I’ve seen a disconnect between parents and self-advocates when we talk about disability acceptance:

  • Advocate: Disability acceptance is really important. Disability is part of who I am.
  • Parent: You mean I should just accept that my kid is suffering and can’t do anything and not even try to help them?!
  • Or, even worse: Yes, it is. My kid is my special little pillow angel and I love her just the way she is. It’s great having a kid who will never grow up.

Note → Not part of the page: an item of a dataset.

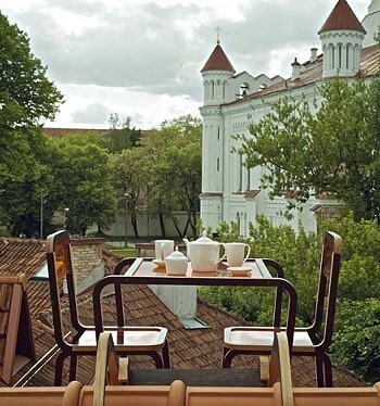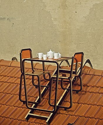 Vasara ir īstais laiks piknikam uz jumta. Lai maltītes ieturēšana uz jumta būtu ērtāka, Viļņas Mākslas akadēmijas absolvente Aine Bunikīte izstrādājusi mēbeļu komplektu slīpajiem jumtiem.

By acceptance, we do not mean either of those things. What we mean is more like this:

  • Kids whose development is atypical get treated like they’re failing before they’re even old enough for kindergarten. (See all those checklists that say “by the time your child is 2, he or she should be…”, and think about what it’s like for a child’s earliest memories to involve adults thinking they were failing)
  • Being disabled isn’t a failure, and it shouldn’t be seen as one. There is no should in development, and there is no should in bodies.
  • Childhood isn’t something you can flunk
  • Magical thinking will not help, and neither will centering your life around searching for a cure
  • Children with disabilities who live to adulthood usually become adults with disabilities
  • They need to be prepared for disabled adulthood, not encouraged to think that if they work hard enough they will be normal
  • It is ok to be a disabled child, to develop atypically, and to become an adult with a disability
  • You can have a good life and be ok with your actual brain and body
  • Imagining that you will have a fundamentally different body one day makes everything harder
  • Life gets better when you accept yourself and work with your body and brain rather than against it
  • Shame is not a cure
  • Disability is not an emergency, and panicked intense early intervention will not make disability go away
  • Early education can be important, and kids with disabilities need appropriate support and care, and in many cases medical treatment
  • But their life needs to contain things other than treatment; people with disabilities need to do things besides be disabled and get therapy
  • Their life is already worth living and they don’t need to be cured to be ok
  • Don’t panic

Short version: Acceptance isn’t about denying that some aspects of disability can be awful, and it’s not about categorically rejecting medical treatment. It’s about working with yourself rather than against yourself, and pursing life now rather than waiting for a cure.

Shame is not a cure

So, here’s the thing.

People with disabilities are taught that we’re just lazy. That eventually, if we care enough, we’ll be cured. That we can shame our way out of being disabled. 

This is counterproductive.

If you can accept the way you are, the way your mind works, the way your body works – 

You can figure out how to do things in the way that *actually works for you*.

And you can do a lot more, than if you’re stuck in the mindset of thinking that shame will cure you.

Shame doesn’t create abilities. Self-hatred doesn’t create abilities.

Acceptance creates abilities. Understanding and working with your real configuration rather than against it can greatly expand what you can actually do. Even though there are abilities you will never have. There’s a lot you can do, if you understand and accept yourself as you are.